MrsMidgeMaisel · 30/04/2019 19:21

Eating a satsuma at work today... each segment had at least 1-2 pips. Got half way through and reached a segment with 3 pips in!!! I was outraged and said I’ve had it with this satsuma! 2 pips in a segment I can cope with but 3!!!! (Partially tongue in cheek) Colleague burst out laughing and said he was going to call me ‘3 pips Mrs midge Maisel’ works a lot better irl as it’s alliterative as surname begins with a P Wink I laughed for ages Grin

baubled · 30/04/2019 19:42

Not today but the funniest thing I've ever seen is a seagull land on someone's head at Blackpool Zoo, it wanted his sandwich.

I saw it on its approach and couldn't do anything about it, I absolutely killed myself laughing right in front of him, there was nothing I could do to hold it in, full on laughing in his face and then I continued to laugh every time I thought about it for about a week!

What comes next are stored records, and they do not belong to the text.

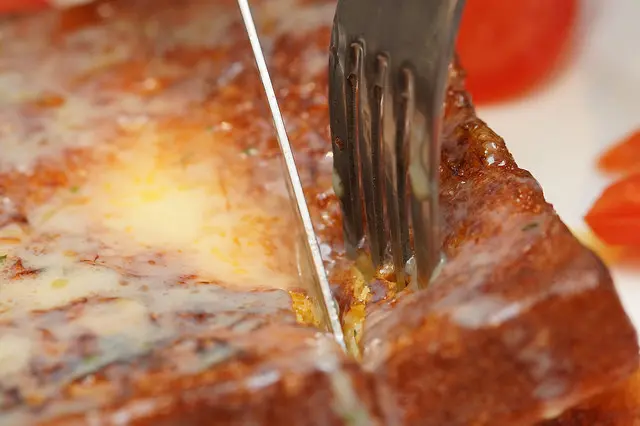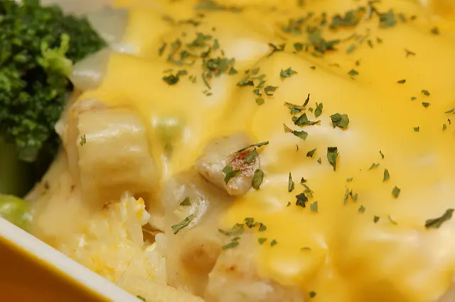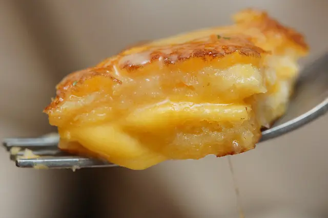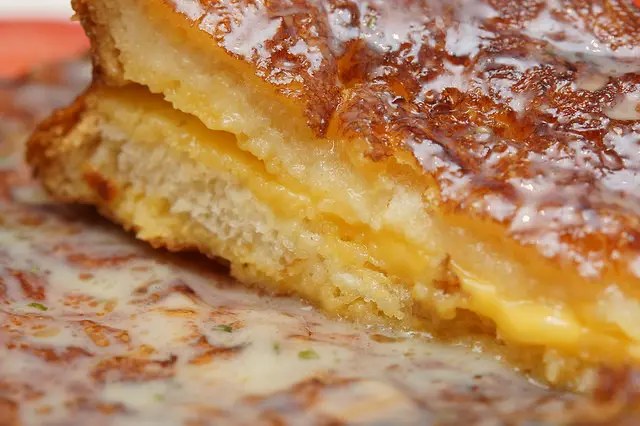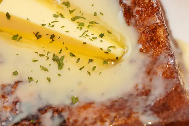 隨著溫度奶油及煉乳 緩慢的沿著吐司邊流下來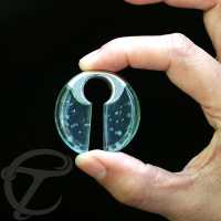 Our Little Bubbles epoxy ear weight is a innovative combination of using one of our popular white brass ear weight designs and adding a light turquoise jewelry resin with lots of little bubbles in all shapes and sizes.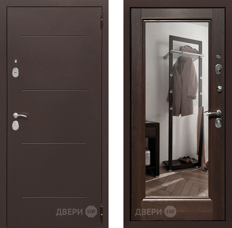 Входная металлическая Дверь Престиж 100 с зеркалом Медь/Венге 860х2050 мм
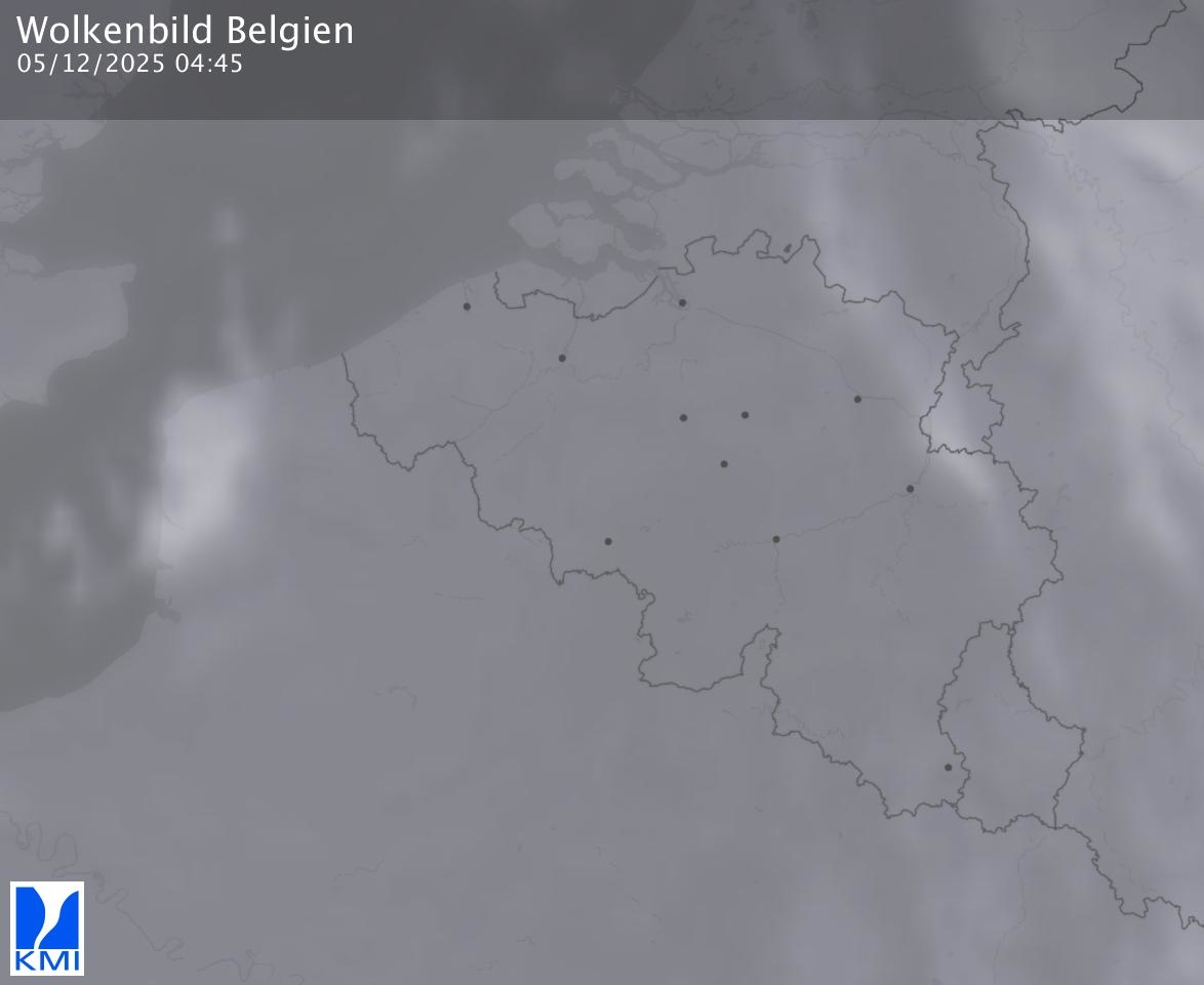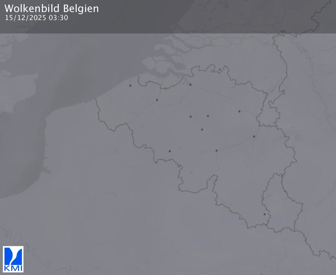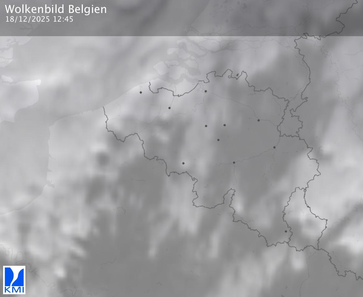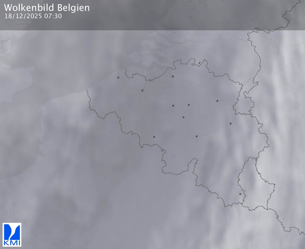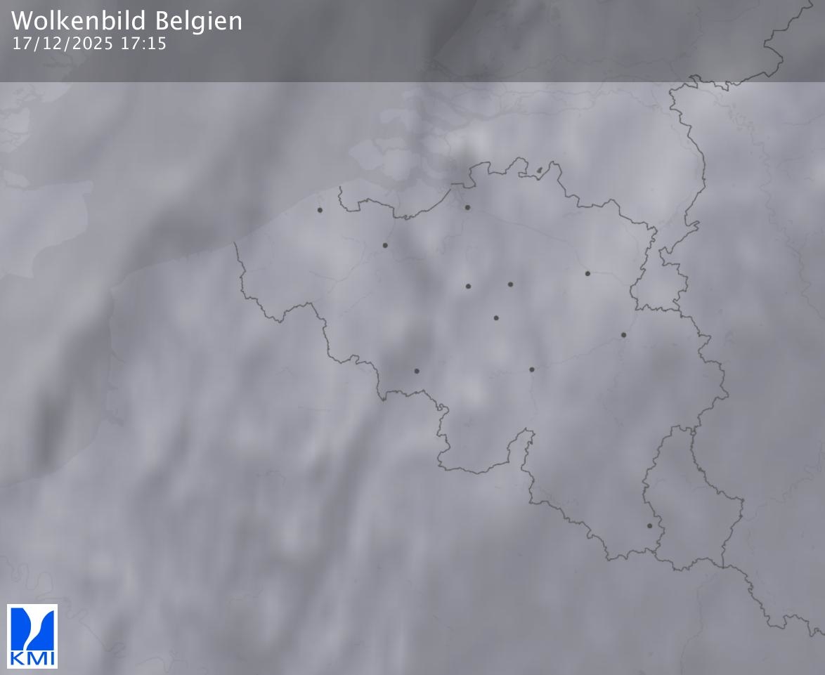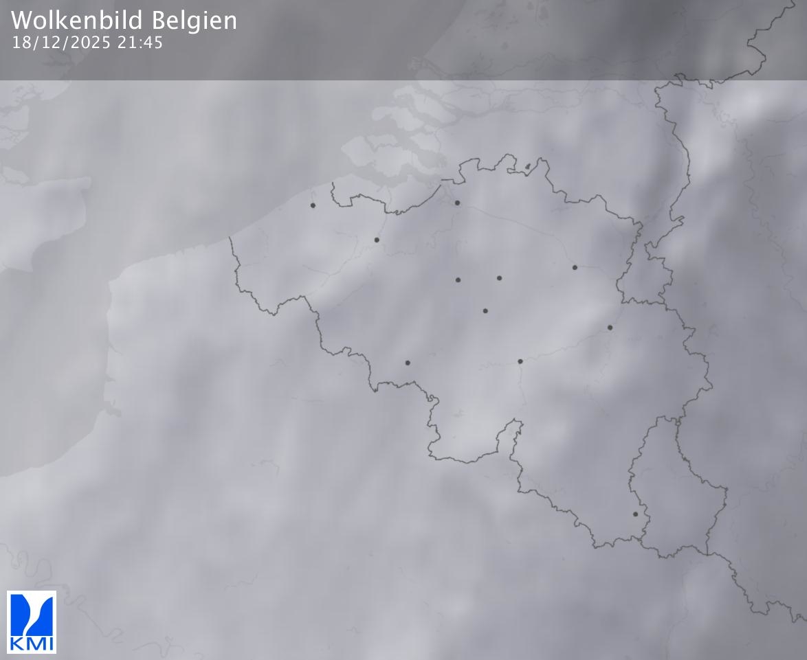 Das Wolkenbild Belgiens ist eine Kombination der sichtbaren und Infrarotkanäle des Satelliten.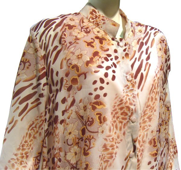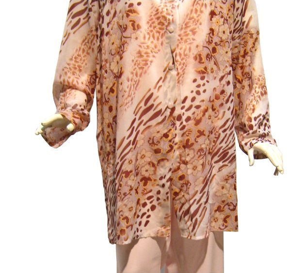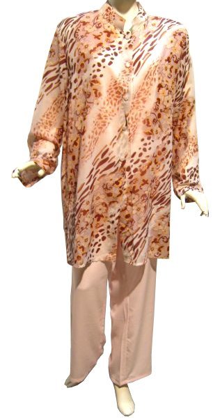 Ensemble élégant constitué d'un chemisier blanc avec motifs marrons, d'un sous-chemisier et d'un pantalon tous deux blancs.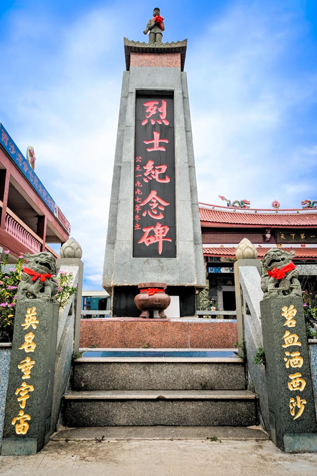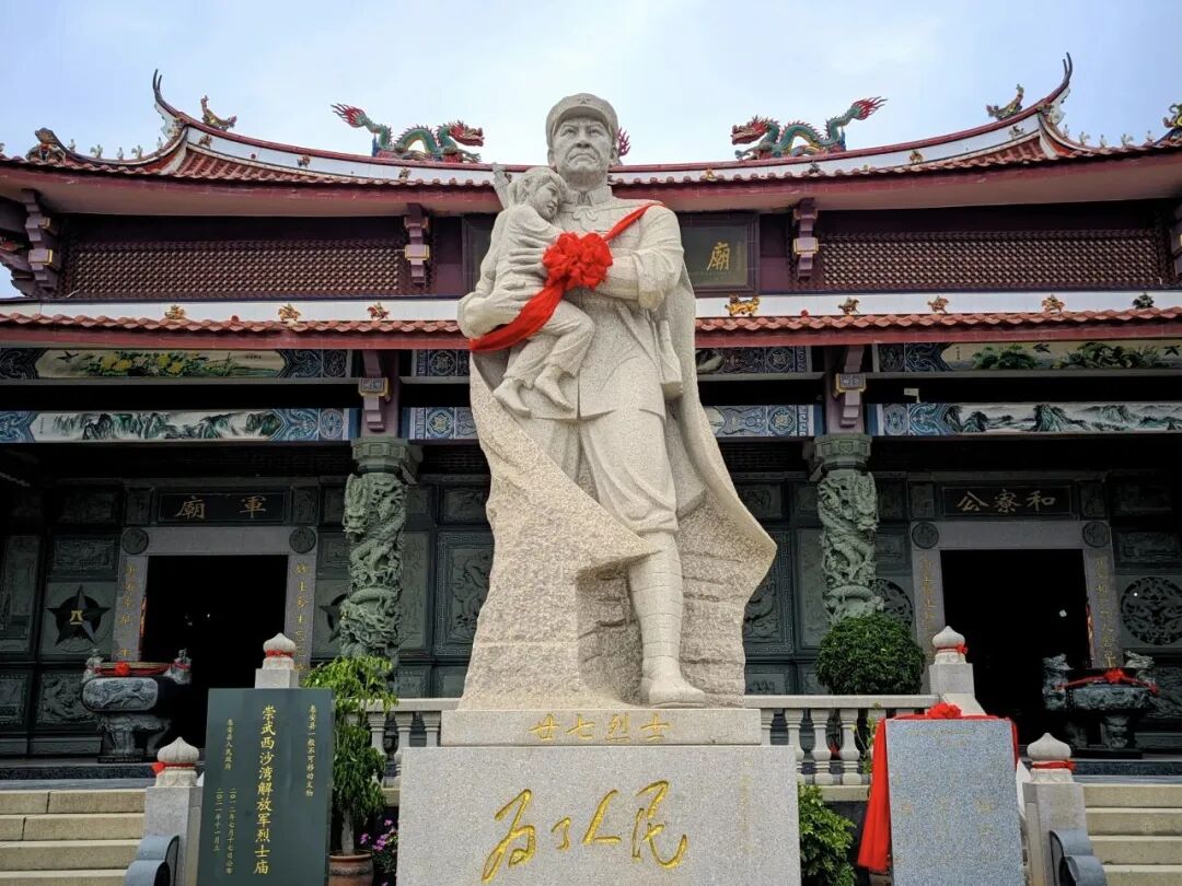 雕像左前方则是烈士纪念碑,通高8.1米,象征含义不言而喻。“烈士纪念碑”5个大字由28军老战士所书,背面为叶飞将军亲笔题词:“为了人民,死的光荣”。碑顶挺立着一尊解放军战士雕像,手握钢枪,面向大海,披星戴月,保卫人民。解放军庙的建立,像是百姓对解放军战士的感激回报。不过自打新庙建起,当地百姓纷纷加入拜扫的行列,将解放军战士奉为神佛敬畏。解放军不信神佛,但当地人却用最朴素、常见的方式将他们祭祀起来,寄托着当地人纯真美好的情感,可以说是在民间信仰中独树一帜了,难怪敢称为“天下第一庙”!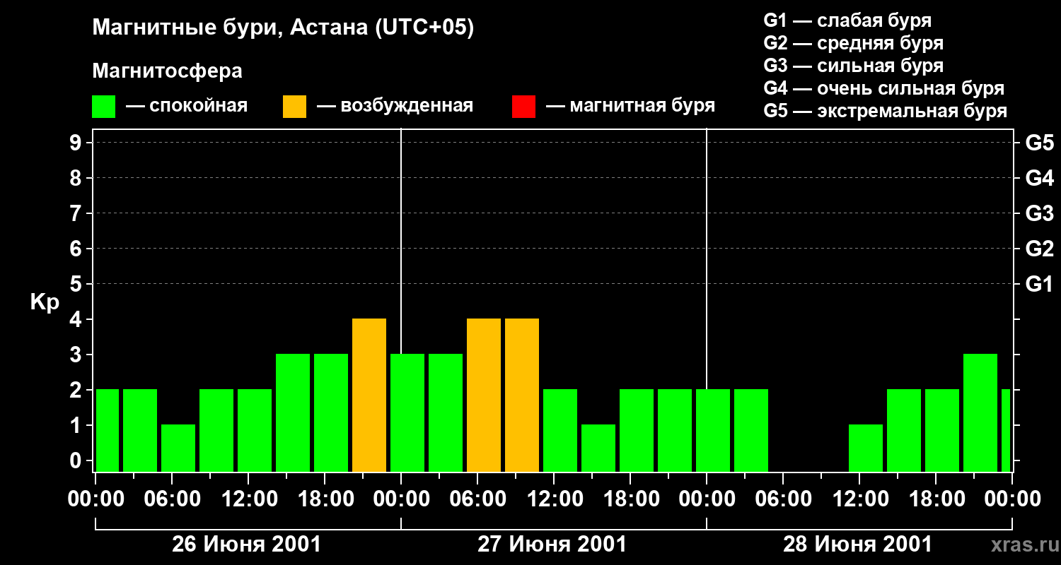 Изменения геомагнитного индекса Kp с 26 по 28 июня 2001 года для средних широт

BallsOfFluff · 30/04/2019 20:26

DD let go of the biggest, loudest, longest floor vibrating fart I have ever heard in my entire life. It just kept going. Sounded like a Harley Davidson revving.
I couldn't help but stare in shock.

When she finished she caught me looking and this sweet little innocent voice said 'Wasn't me mummy'
I had actual tears. Made my day.

KOBr · 30/04/2019 22:32

My husband tripping up in the horse paddock ending up head first through the electric fencing scaring the horses off 😂

Penelopeepitstopit · 30/04/2019 22:45

Sent DS(6) in to his bedroom to get undressed for bed (he only wears pants to bed) and told him I'd be there soon for a story...

Walked in to DS laid in bed, he threw the covers off him, spread eagled in just his pants and said "Take me to Paradise, Baby"

😳 I do NOT know where the heck he's heard that but I almost wet myself laughing.